The Encyclopedia of Fantastic Victoriana

by Jess Nevins

"The Tax Farm Affair" (1858)

copyright © Jess Nevins 2022

“The Tax Farm Affair” (original: “Otkupnoe delo”) was written by “V.N. Elagin” and first appeared in Sovremennik no. 9 (1858). Little is known about “V.N. Elagin;” he may have been Nikolai Elagin (1817-1891), a Russian revolutionary writer.

“The Tax Farm Affair” may have been the first Russian detective short story and the government inspector one of the first detectives in Russian literature. The inspector, Gorev, works for the Tsar, attempting to expose the corrupt dealings of a tax farmer, one of the men whose vodka distilleries provided so much money to Tsarist Russia. Unfortunately, not only does Gorev encounter difficulties from the tax farmer, but the farmer's workers, who are loyal to their employer, are capable of stymieing Gorev, and there are a number of government officials who accept bribes from the farmer and do what they can to hinder the inspector. However, Gorev succeeds in the end.

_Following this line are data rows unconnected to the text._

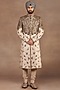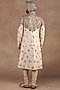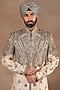 Featuring a beige sherwani in silk base with kasab, dabka, beads and sequins embroidery. It is paired with a silk kurta and cotton lycra churidar. Style it with mojaris and safa for a wedding or engagement wear.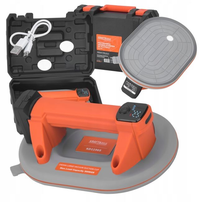 KD11965 ir profesionāls bezvadu piesūceknis ar 240 mm diametru un maksimālo celtspēju līdz 300 kg. Tas ir paredzēts drošai un ērtai lietošanai uz gludām virsmām, piemēram, stikla, akmens plāksnēm un metāla loksnēm.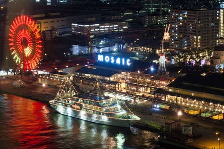 night city, view from the top at Osaka bay area at night with city light, bridge and attractions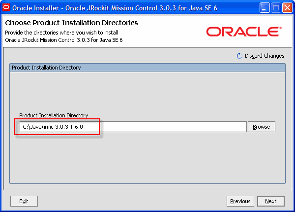 2.In the second installer screen you specify where you wish to install JRockit Mission Control.

“The Tax Farm Affair” displays a detailed knowledge of both the liquor trade and the manner in which corrupt officials work. What is most interesting about the story is not only the fact that the government inspector is honest and moral—stories in Tsarist Russia which government officials were heroic protagonists were, as might be imagined, rare, especially before the Tsar’s 1864 revision of the Russian judiciary system, which was “so scandalously corrupt that even ministers of justice had resorted to bribery”1—but also that the story is, in its way, a detective story. It is possible that Elagin had been inspired by a translation of Bleak House or by one of Poe’s The C. Auguste Dupin Mysteries, although given the Russian fascination for all things French the most likely direct inspiration was either Eugène François Vidocq’s autobiography (see: The Great Detective) or one of the many French detective novels and stories and romans feuilleton inspired by Vidocq’s autohagiography. But the Russian enthusiasm for mystery literature did not truly begin until the end of the nineteenth century and the beginning of the twentieth century, when Russian translations of American and English detectives, including Sherlock Holmes (See: The Sherlock Holmes Mysteries), Nick Carter (see: The Nick Carter Mysteries), and Nat Pinkerton (a Nick Carter-like version of Allan Pinkerton—see: The Great Detective) became popular with lower-class readers and spawned Russian imitations and unauthorized sequels. At mid-century stories in imitation of James Fenimore Cooper (see: The Last of the Mohicans) and stories of heroic knights or Cossacks (see: Taras Bulba) were popular. In 1870s and 1880s the bandit story took precedence (see: Bandit Churkin). Elagin’s decision to write a detective story, well in advance not only of his native country’s taste for the genre but also of the flourishing of the genre in the West, is curious as well as foresighted.

For Further Research

David Christian, ‘Living Water’: Vodka and Russian Society on the Eve of Emancipation. Oxford: Clarendon Press, 2001.

 

1 Louise McReynolds, Murder Most Russian: True Crime and Punishment in Late Imperial Russia (Ithaca, NY: Cornell University Press, 2013), 16.